À l’ONU, ils votent avec Moscou et contre les Européens. Les États-Unis ne défendent plus le principe de l’intégrité territoriale d’un pays. L’Alliance atlantique est politiquement, pas militairement, fracturée entre ses deux pôles – objectif poursuivi depuis des lustres par la diplomatie moscovite. L’entourage de Trump parle d’une technique de négociation : donner des gages aux Russes pour les arrimer aux conversations de paix. Mais le pivotement américain vers la Russie s’inscrit dans une attitude diplomatique trumpiste plus large. Elle consiste à se libérer des contraintes, des alliances et des « valeurs » de l’« ordre libéral international » imaginé par les États-Unis en 1945 et revivifié à la fin de la guerre froide au lendemain de l’implosion de l’URSS en 1991.
Comment en est-on arrivé là, c’est-à-dire à la guerre et à l’exact contraire des illusions entretenues au début du siècle ? On posait alors l’équation économie de marché, libre-échange et libéralisation politique comme notre indépassable horizon politico-économique. Une martingale à trois têtes, gagnante à coup sûr, et qui garantirait la paix entre les nations. Et qui n’a pas marché. Pourquoi ?
Dans son dernier livre, L’Ère des affrontements. Les grands tournants géopolitiques (Dunod, 552 pages, 29 euros), le président et fondateur de l’Institut français des relations internationales (IFRI), Thierry de Montbrial, appuie sur le bouton « retour en arrière ». Il revisite les étapes-clés de ces quarante dernières années telles que l’IFRI les a perçues, non pas saisies dans l’instant immédiat du journalisme mais avec le recul qui est celui du chercheur.
La chute d’un empire
Dans un long essai introductif, à la tonalité générale pessimiste, Thierry de Montbrial décrit des Européens qui, à l’aube du siècle, entretenaient « faux espoirs et chimères » sur les lendemains de la chute du mur de Berlin.

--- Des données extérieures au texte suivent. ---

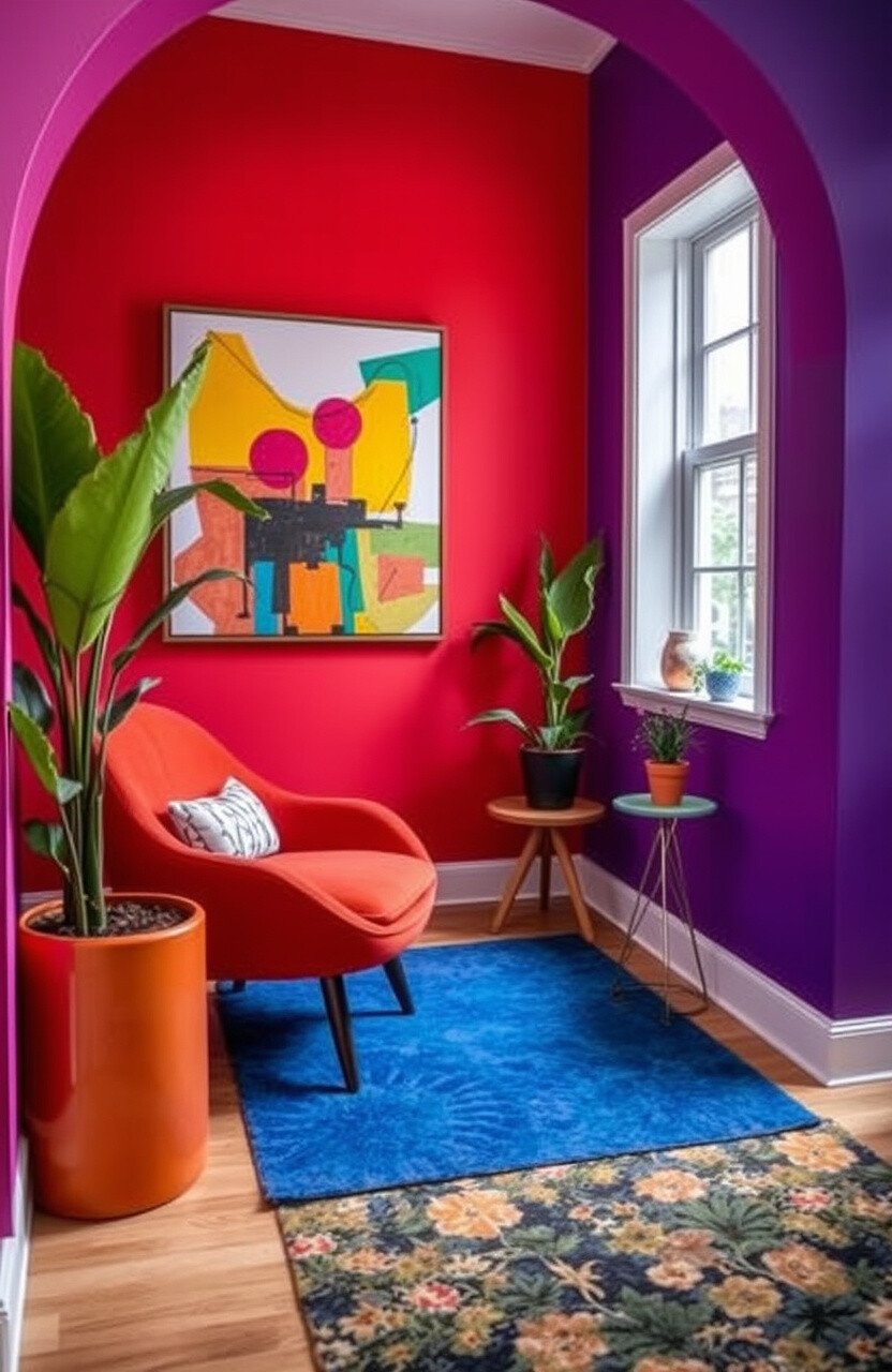An artistic expression nook features bold colors and eclectic decor. A statement chair and abstract art piece make it pop.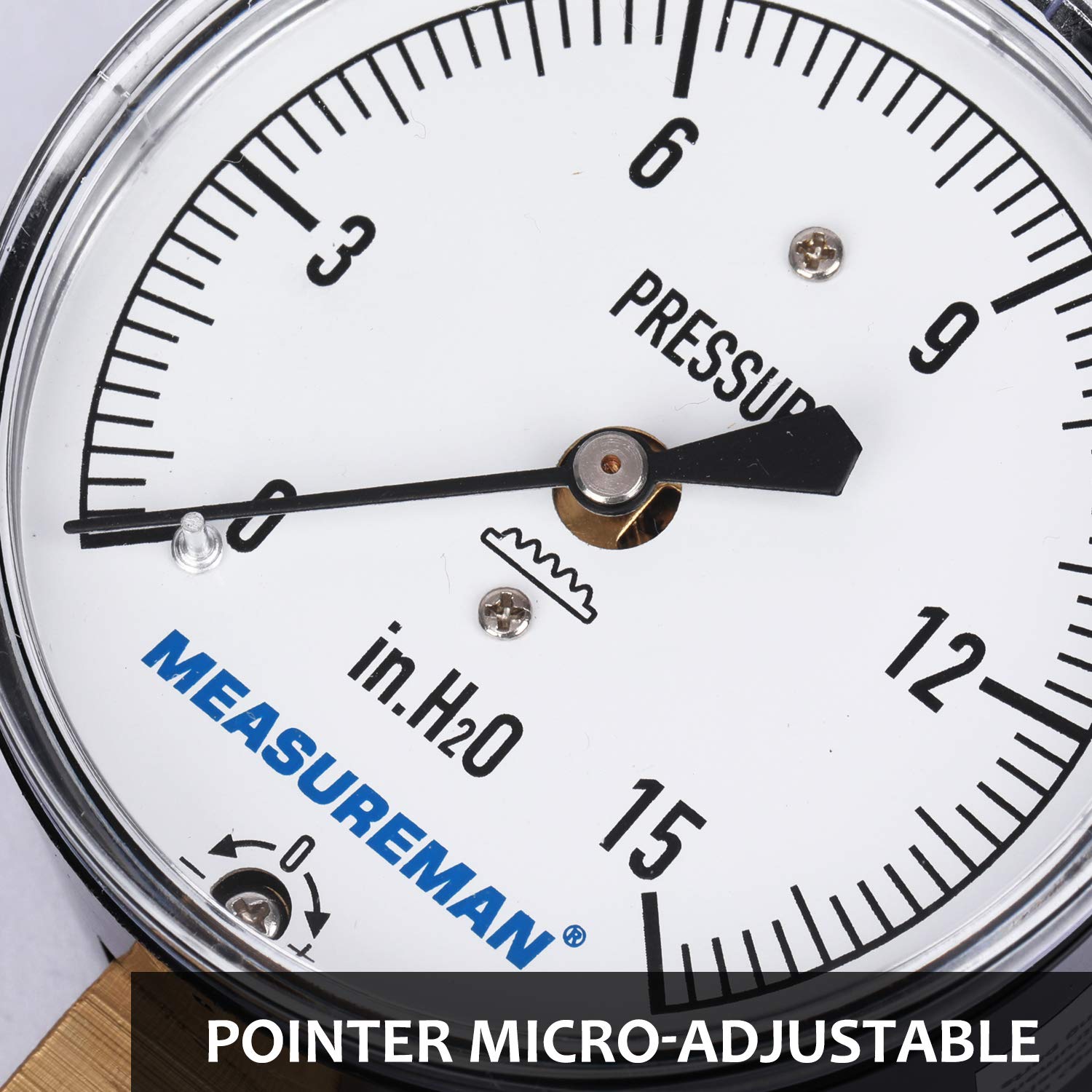 MEASUREMAN Diaphragm Type Capsule Low Pressure Gauge, 2-1/2" Dial, 1/4" NPT Lower Mount, Adjustable, 0-15 in H2O(Inches of Water)

Oublieux du tragique de l’histoire, ils ne prirent pas la mesure de l’événement : « Ce n’était pas seulement la chute du communisme et de l’empire extérieur soviétique, mais aussi, et peut-être surtout, celle de l’empire russe. » Or la chute d’un empire est un bouleversement à répercussions lentes.
Aujourd’hui nous vivons les « effets différés » de la chute de l’empire russe, dit le président de l’Ifri. Nous apprenons que les peuples et les États sont mus autant par leurs passions que par leurs seuls intérêts économiques ou stratégiques – le tropisme impérial ferait partie de l’ADN russe. Par naïveté côté occidental, irresponsabilité côté russe, nous n’avons pas su en 1991-1992 dessiner une architecture de sécurité en Europe qui tienne compte de représentations du monde divergentes dans l’espace européen.
Thierry de Montbrial incrimine, in fine, le missionarisme démocratique des Occidentaux comme ayant largement contribué aux échecs de l’après-guerre froide. On peut en discuter et privilégier la responsabilité de la Russie. Mais la réflexion du fondateur de l’Ifri est la toile de fond nécessaire pour comprendre ce qui se passe aujourd’hui entre Donald Trump, Vladimir Poutine et les Européens.